Onan

The ancient law was that if a man died, his brother was supposed to have a child by his widow so the line wouldn't become extinct. Therefore, when Er died, it was up to his brother Onan to perform the duty with Er's widow, Tamar. Because Onan knew that the child to be born wouldn't really be his, he refused and "spilled his semen on the ground" instead (Genesis 38:9). As a result, God killed him.

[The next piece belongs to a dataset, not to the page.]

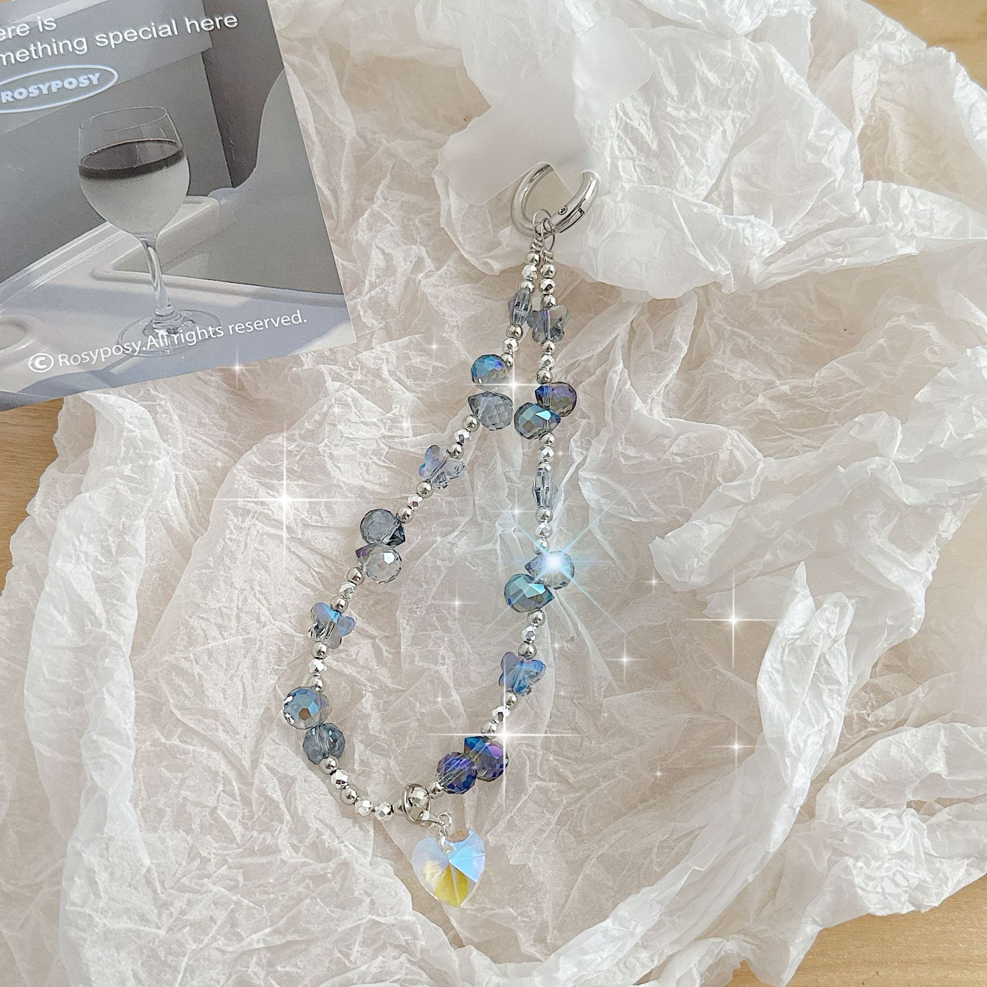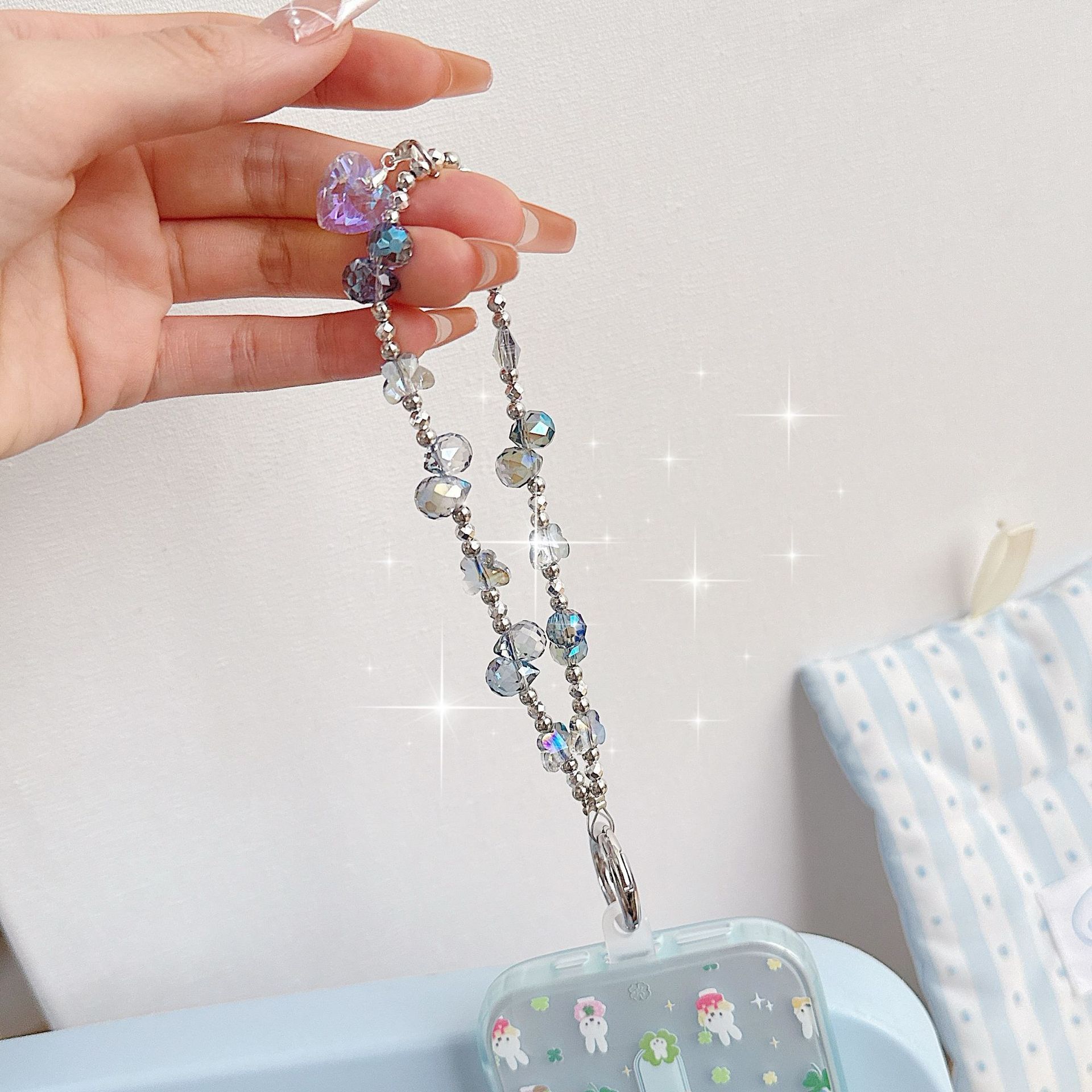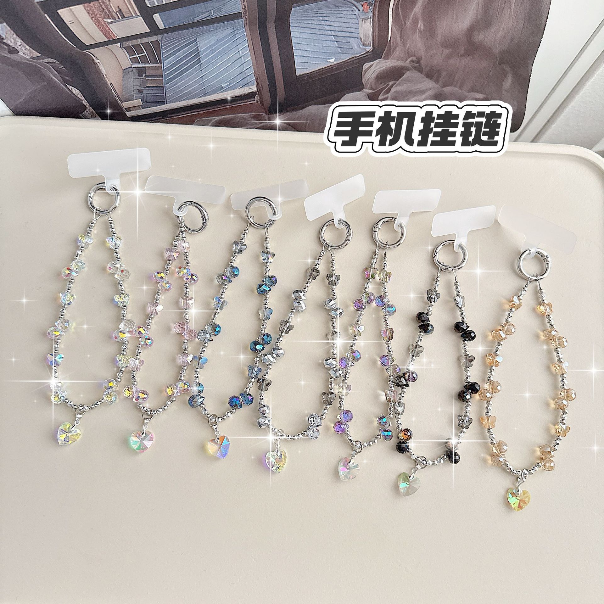 Boutique hecho a mano de alta gama teléfono móvil cadena colgante mujer ins fresa mariposa amor colgante moda teléfono móvil cadena colgante corto

This story is dismal enough in itself, but later generations have made it more so. Onanism has become a euphemism for masturbation, and the punishment Onan received has been interpreted as meaning that God is, to say the least, against it. Actually what God was against was that Onan had disobeyed the law of levirate marriage and had done so on the unedifying grounds that he didn't want any children of his running around with another man's name. Presumably the punishment would have been just as severe if, instead of doing what he did, he'd simply caught the next bus out of town.

According to Dr. Kinsey, some 92 percent of all males have masturbated, as have some 62 percent of all women. The only damage to come of it seems to be the crippling sense of guilt and terror inculcated by well-meaning, pious folk who, forgetting their own sexual past, say that it makes you go crazy or blind or have your hair fall out.

There seem to be no scriptural grounds for condemning masturbation in itself. Like sex in general, if it is practiced to the exclusion of a loving relationship with other human beings, it is an infraction of the law of love and is its own punishment. On the other hand, if it's practiced as a temporary expedient until the right person comes along, it is harmless. It was not for his sexuality that Onan was punished, but for his stinginess and selfishness and general cussedness.